Nourishing Bone Broth
This is part 5 in the year-long series on Traditional Foods. January focused on sweeteners, and February focuses on homemade, old-fashioned, nutrient-dense bone broth. And, my apologies for posting this section of the Traditional Foods Primer a touch late,
There is nothing like a homemade broth – rich, fragrant and glistening with droplets of golden fat. It’s an essential aspect of good cooking. Homemade bone broth offers the depth of flavor that its storebought counterpart simply can’t parallel. It’s also an extraordinarily inexpensive food, especially for its nutritive value. Beyond its culinary uses and economic benefits, bone broth is remarkably healthful.
Culinary Uses
Broths made from bones have been used across the globe throughout human history. Nearly every traditional society boiled bones of meat-giving animals to make a nutritive broth. It is deeply flavorful, but versatile and can provide the base for soups, sauces, gravies as well as providing a cooking medium for grains and vegetables.
In our home, we inevitably have a crockpot of perpetually brewing poultry stock bubbling away on the counter. And we use it everyday. When I braise vegetables, I use bone broth.

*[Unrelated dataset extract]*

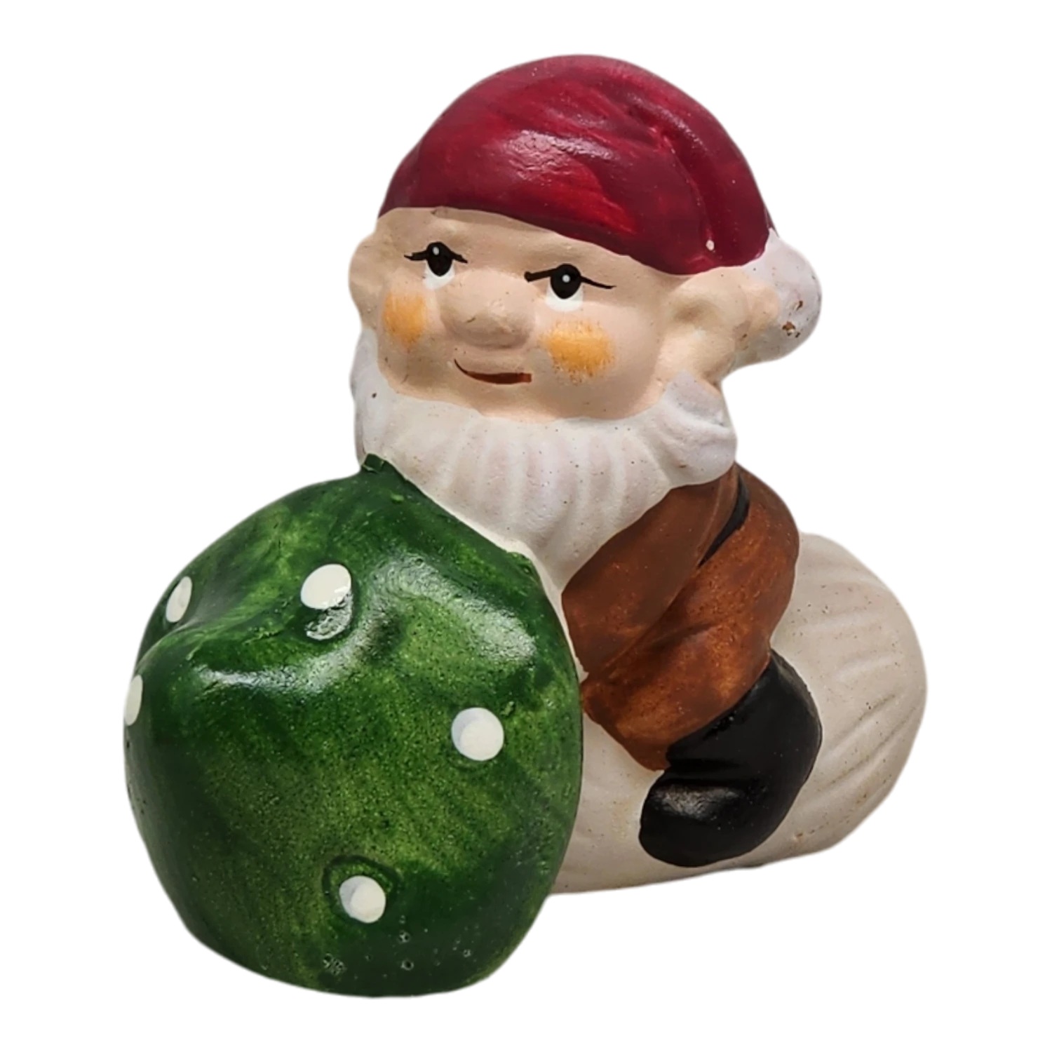 This charming garden gnome ornament, perched jauntily on a whimsical green mushroom, is sure to infuse a sense of magic and cheer into any setting. With his rosy cheeks, bright smile, and classic red cap, this delightful figure is a quintessential representation of gnomes, who have long been considered guardians of the garden. The intricate details, from the gnome’s bushy white beard to the mushroom’s detailed spots, highlight the care and craftsmanship that goes into creating such enchanting pieces.

Or we use it to baste roasting meats. Or, of course, in the soups, sauces and gravies we eat throughout the week.
While bone broth is technically a stock, and not a broth the terms are often used interchangeably.
Frugal Benefits
Bone broths are remarkably inexpensive to make. Many times you can prepare a decent broth for the cost of energy used to heat your pot alone. By using the bones from leftover roast chickens matched with vegetable scraps you’ve saved, you can make a gallon of stock for pennies. In getting to know your butcher or local rancher, you can often acquire beef or lamb bones for free.
Preparing your own stock at home can possibly save you more money over time than any other kitchen endeavor. Consider that a one-quart package of Pacific Organic Broth will set you back at least $4.75 at most grocers, but making your own bone broth from kitchen scraps will cost you only the pennies needed for energy use. And it tastes better.
Health Benefits
As I mentioned earlier, bone broth has been prepared in kitchens, hearths and firesides throughout history. And, in many ways, it’s a lost art. Home cooks have simply forgotten how easily a broth is made and how worthwhile it is to make this low-cost, highly nutritive food a regular part of the family diet.
As the bones cook in water – especially if that water has been made slightly acidic by the inclusion of cider vinegar – minerals and other nutrients leach from the bones into the water. Homemade broth is rich in calcium, magnesium, phosphorus and other trace minerals. The minerals in broth are easily absorbed by the body. Bone broth even contains glucosamine and chondroiton – which are thought to help mitigate the deletorious effects of arthritis and joint pain. Rather than shelling out big bucks for glucosamine-chondroitin and mineral supplements, just make bone broth and other nutritive foods a part of your regular diet.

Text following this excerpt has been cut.